** WORK ORDER **
Please give again every entry exactly as it appears, setting aside the pictures.

##### RECORDS FOR THE TASK

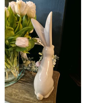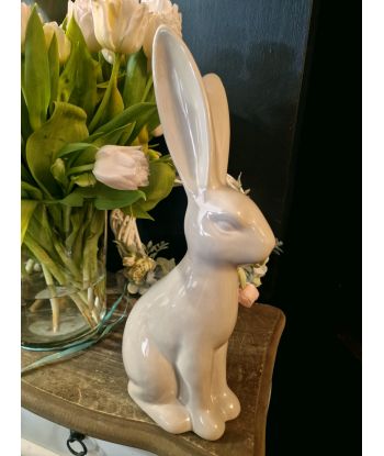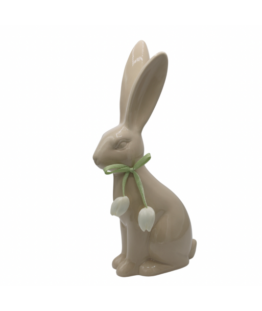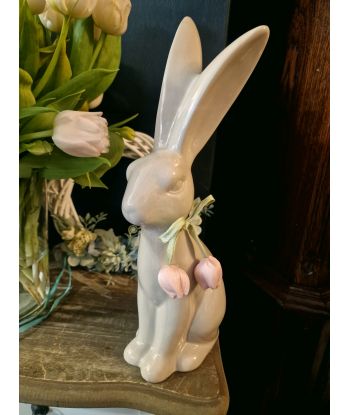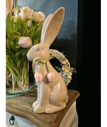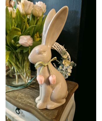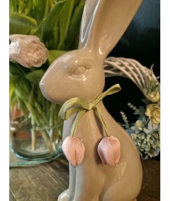 FIGURA CERAMICZNA - SIEDZĄCY KRÓLIK ZAJĄC Z TULIPANAMI beż
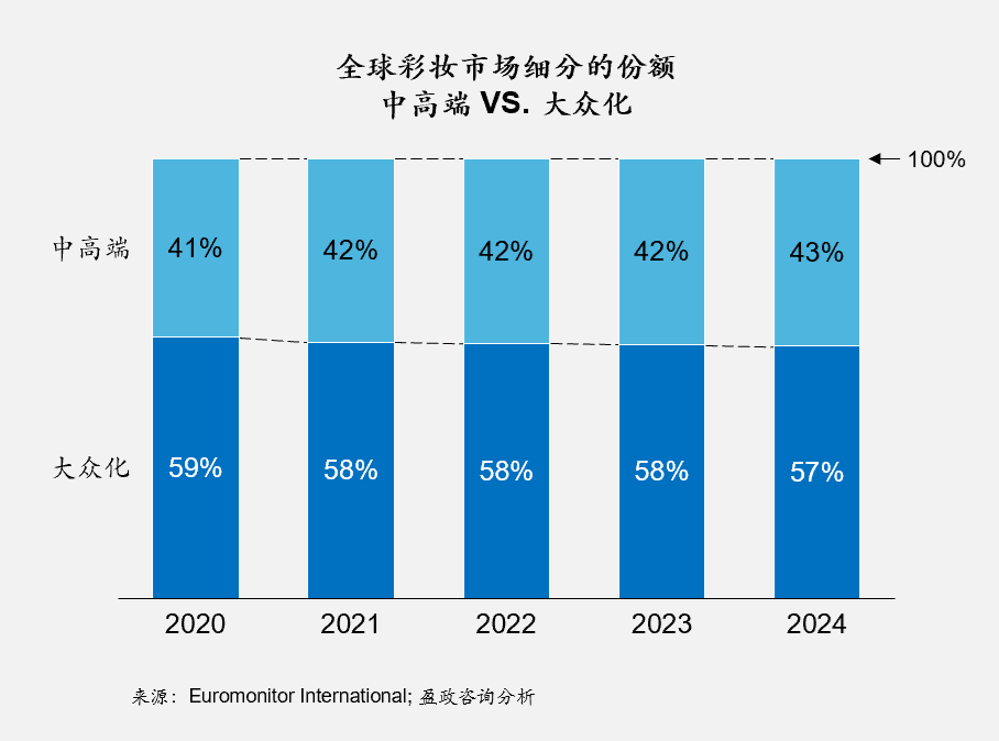 在这样的背景下,一个新锐品牌要如何破局?SHEGLAM团队显然看得到,尽管彩妆大牌们占据了有利的市场地位,但他们普遍占据了更高价格带的市场空间,而如果将市场机会按价格带四等分,后50%价格带的参与企业之市场占有率并没有那样集中,反而份额更为分散。值得注意的是,彩妆市场如果按Euromonitor的中高端和大众划分,大众市场的规模占比更为可观(见下图)。
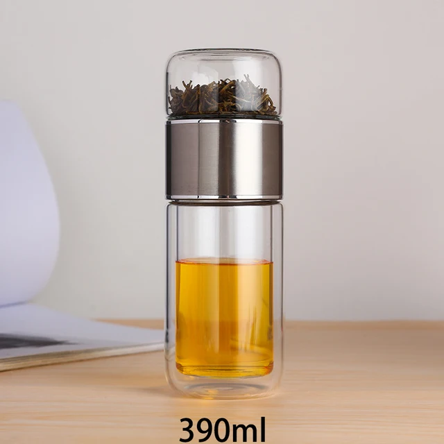 Bottiglia d'acqua per il tè da 390 ml, in vetro borosilicato ad alto spessore, a doppio strato, con infusore, tumbler, per bevande, con filtro per il tè
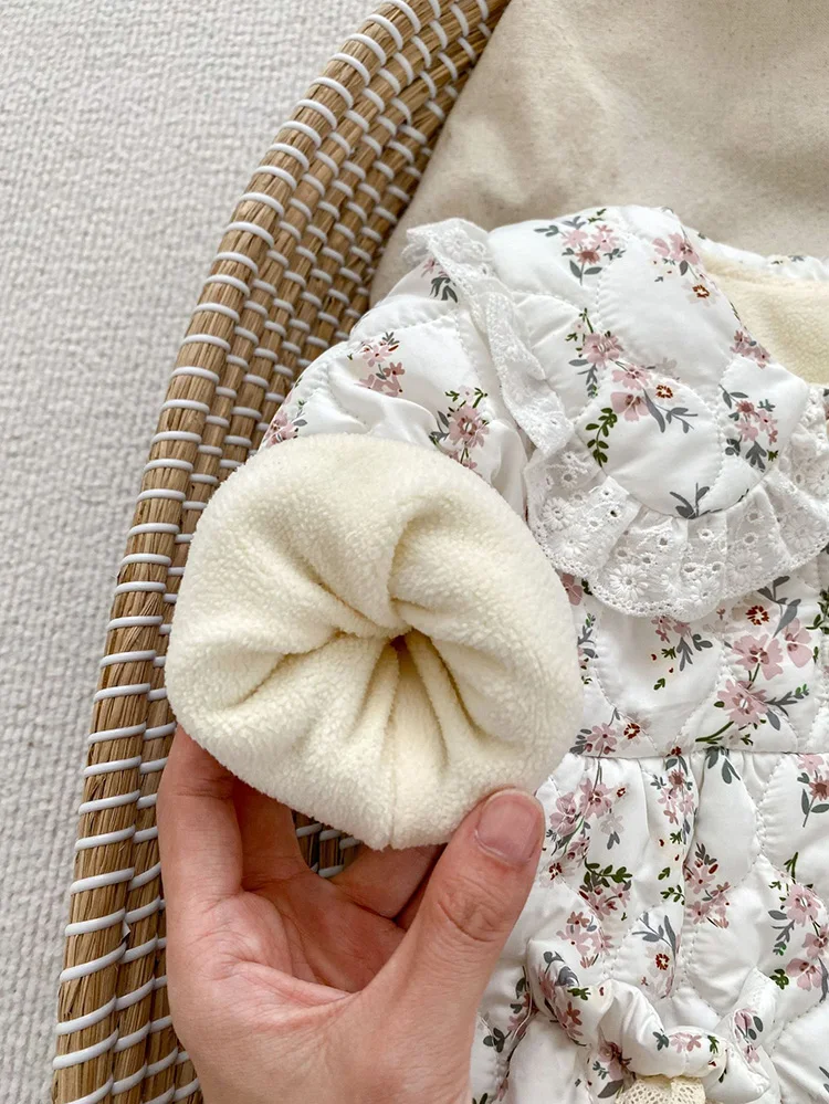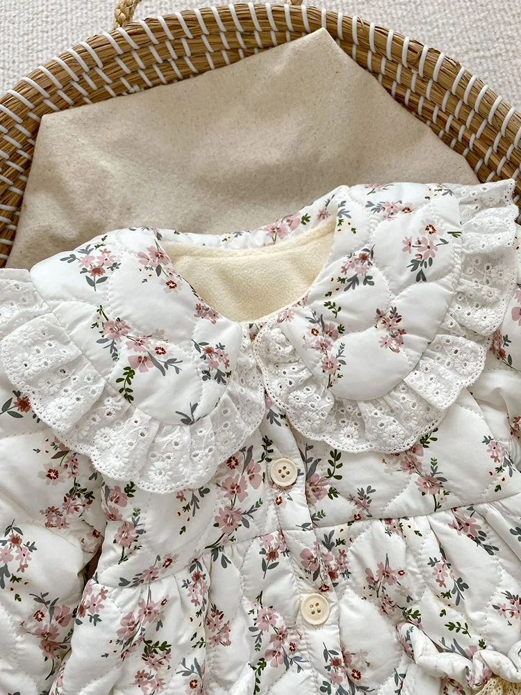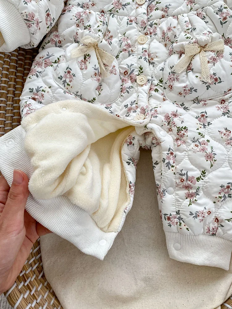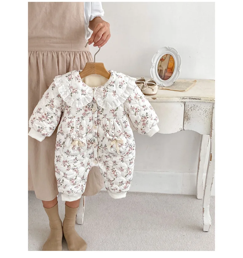 #子供服 #ベビーアウター #冬のおでかけ #可愛いジャンプスーツ #フラワープリント #優雅なガールズコーデ
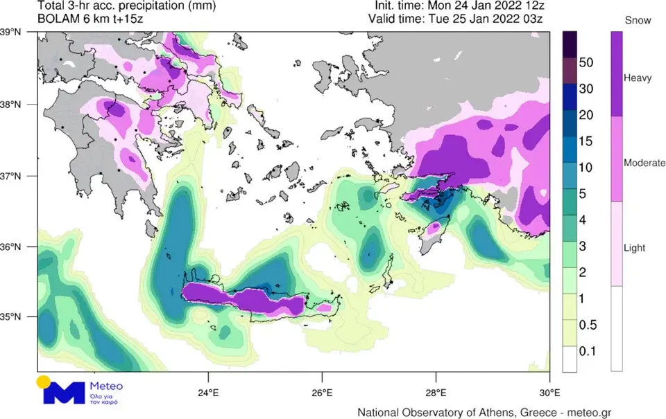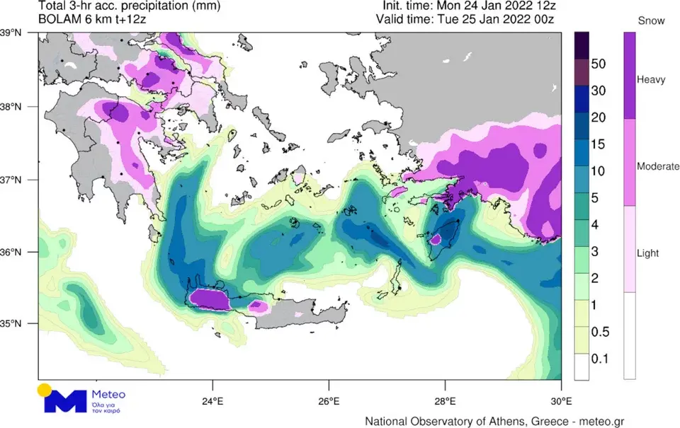 Στην παρακάτω ομάδα χαρτών, εμφανίζεται το εκτιμώμενο ύψος υετού ανά τρίωρο (μωβ αποχρώσεις χιόνι και μπλε αποχρώσεις βροχή/χιονόνερο), όπως υπολογίζεται από το αριθμητικό μοντέλο πρόγνωσης καιρού του Εθνικού Αστεροσκοπείου Αθηνών / Meteo.gr, από τις νυχτερινές έως τις πρωινές ώρες της Τρίτης 25/01/2022.
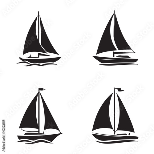 Sailboat icon, logo Vector Black silhouettes on white background
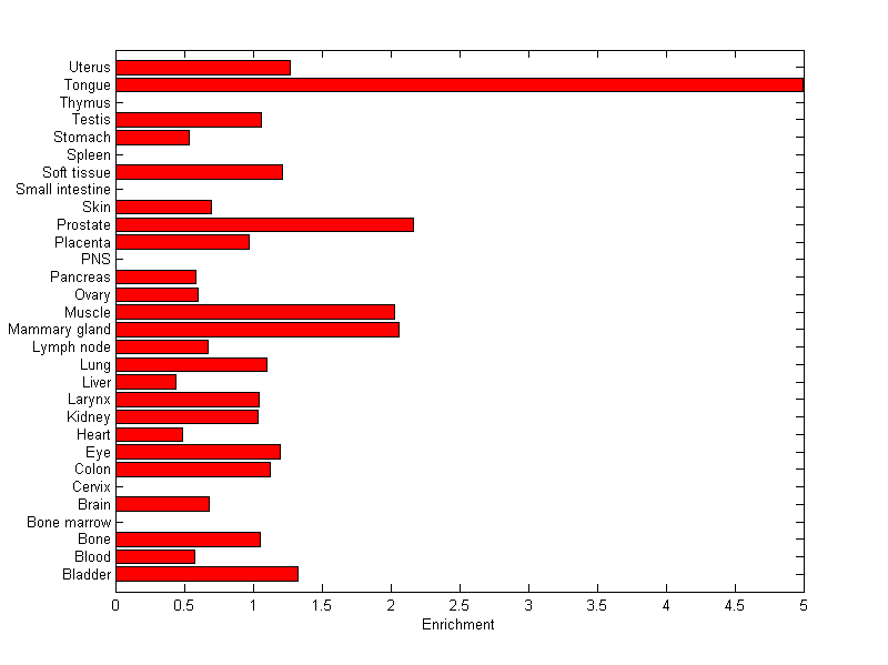 The expression level is normalized with tissue-library size. Each value for a gene in a tissue is a ratio of observed ESTs to the expected one in this tissue. The expected number of ESTs is the product of total ESTs of the gene and the fraction of total ESTs in the tissue among all ESTs in 30 tissues.
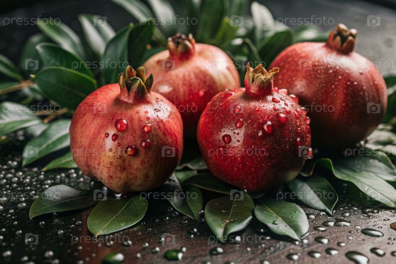 Свежие красные гранаты. Вкусные фрукты ярко-красного цвета с капельками воды. Вегетарианство. Здоровое питание. Свежие плоды на столе
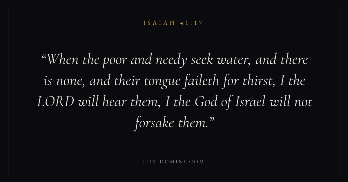 When the poor and needy seek water, and there is none, and their tongue faileth for thirst, I the LORD will hear them, I the God of Israel will not forsake them.

##########

** SOLUTION TO THE PROBLEM **
 FIGURA CERAMICZNA - SIEDZĄCY KRÓLIK ZAJĄC Z TULIPANAMI beż
 在这样的背景下,一个新锐品牌要如何破局?SHEGLAM团队显然看得到,尽管彩妆大牌们占据了有利的市场地位,但他们普遍占据了更高价格带的市场空间,而如果将市场机会按价格带四等分,后50%价格带的参与企业之市场占有率并没有那样集中,反而份额更为分散。值得注意的是,彩妆市场如果按Euromonitor的中高端和大众划分,大众市场的规模占比更为可观(见下图)。
 Bottiglia d'acqua per il tè da 390 ml, in vetro borosilicato ad alto spessore, a doppio strato, con infusore, tumbler, per bevande, con filtro per il tè
 #子供服 #ベビーアウター #冬のおでかけ #可愛いジャンプスーツ #フラワープリント #優雅なガールズコーデ
 Στην παρακάτω ομάδα χαρτών, εμφανίζεται το εκτιμώμενο ύψος υετού ανά τρίωρο (μωβ αποχρώσεις χιόνι και μπλε αποχρώσεις βροχή/χιονόνερο), όπως υπολογίζεται από το αριθμητικό μοντέλο πρόγνωσης καιρού του Εθνικού Αστεροσκοπείου Αθηνών / Meteo.gr, από τις νυχτερινές έως τις πρωινές ώρες της Τρίτης 25/01/2022.
 Sailboat icon, logo Vector Black silhouettes on white background
 The expression level is normalized with tissue-library size. Each value for a gene in a tissue is a ratio of observed ESTs to the expected one in this tissue. The expected number of ESTs is the product of total ESTs of the gene and the fraction of total ESTs in the tissue among all ESTs in 30 tissues.
 Свежие красные гранаты. Вкусные фрукты ярко-красного цвета с капельками воды. Вегетарианство. Здоровое питание. Свежие плоды на столе
 When the poor and needy seek water, and there is none, and their tongue faileth for thirst, I the LORD will hear them, I the God of Israel will not forsake them.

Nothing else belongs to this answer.